The platters are spun at high speeds. Information is written to a platter as it rotates past mechanisms called read-and-write heads that fly very close over the magnetic surface. The read-and-write head is used to detect and modify the magnetization of the material immediately under it. There is one head for each magnetic platter surface on the spindle, mounted on a common arm. An actuator arm moves the heads on an arc (roughly radially) across the platters as they spin, allowing each head to access almost the entire surface of the platter as it spins.

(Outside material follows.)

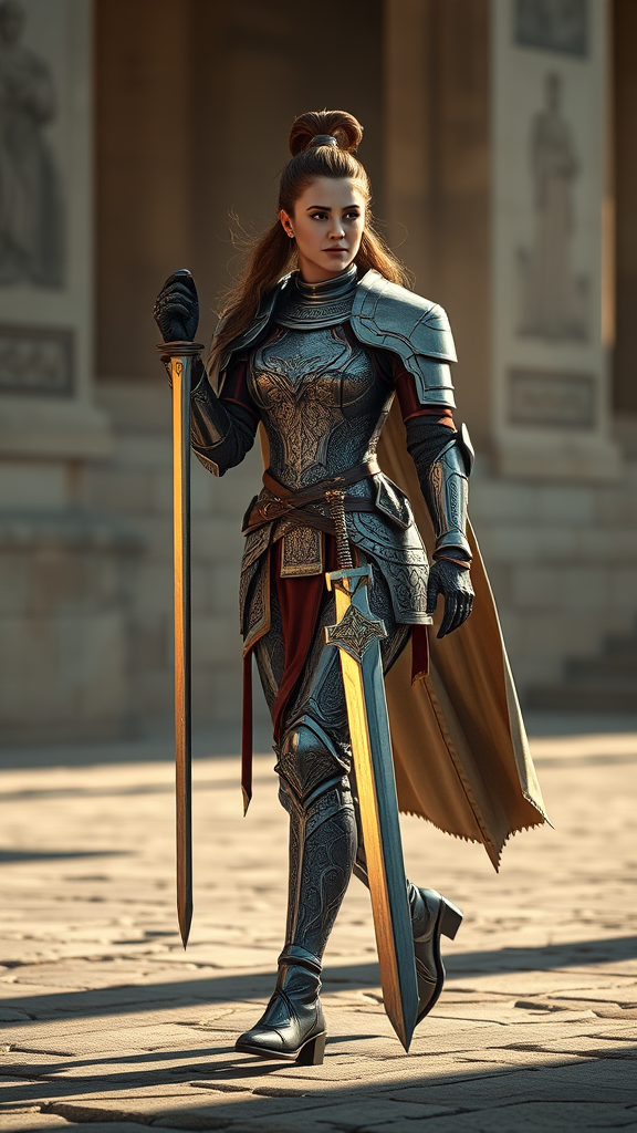 Full body walking pose, slow motion, female paladin wearing intricately designed full armor, holding a magnificent great sword in her right hand, in a stunning masterpiece, high quality 8k photorealistic style, inspired by the works of Jeremy Mann, Sandra Chevrier, and Maciej Kuciara. Sharp and realistic with authentic shadows, in a 3d rendered environment. The image focuses on a lifelike depiction, avoiding jpeg artifacts, blur, and haze. Maintains clarity without monochrome or b&w tones, ensuring eyes are clear and anatomy is accurate. Careful attention is paid to proportions and symmetry, with no extra limbs or misplaced features. Avoids inclusion of any watermarks, logos, text, or signatures, ensuring hands and limbs are correctly drawn and positioned, the scene is free of any distortions or unintended elements.

The magnetic surface of each platter is divided into many small sub-micrometre-sized magnetic regions, each of which is used to encode a single binary unit of information. In today's hard drives each of these magnetic regions is composed of a few hundred magnetic grains. Each magnetic region forms a magnetic dipole which generates a highly localised magnetic field nearby. The write head magnetizes a magnetic region by generating a strong local magnetic field nearby. Early hard drives used the same inductor that was used to read the data as an electromagnet to create this field. Later, metal in Gap (MIG) heads were used, and today thin film heads are common. With these later technologies, the read and write head are separate mechanisms, but are on the same actuator arm.
Hard drives have a mostly sealed enclosure that protects the drive internals from dust, condensation, and other sources of contamination. The hard disk's read-write heads fly on an air bearing which is a cushion of air only nanometers above the disk surface. The disk surface and the drive's internal environment must therefore be kept immaculate to prevent damage from fingerprints, hair, dust, smoke particles and such, given the sub-microscopic gap between the heads and disk.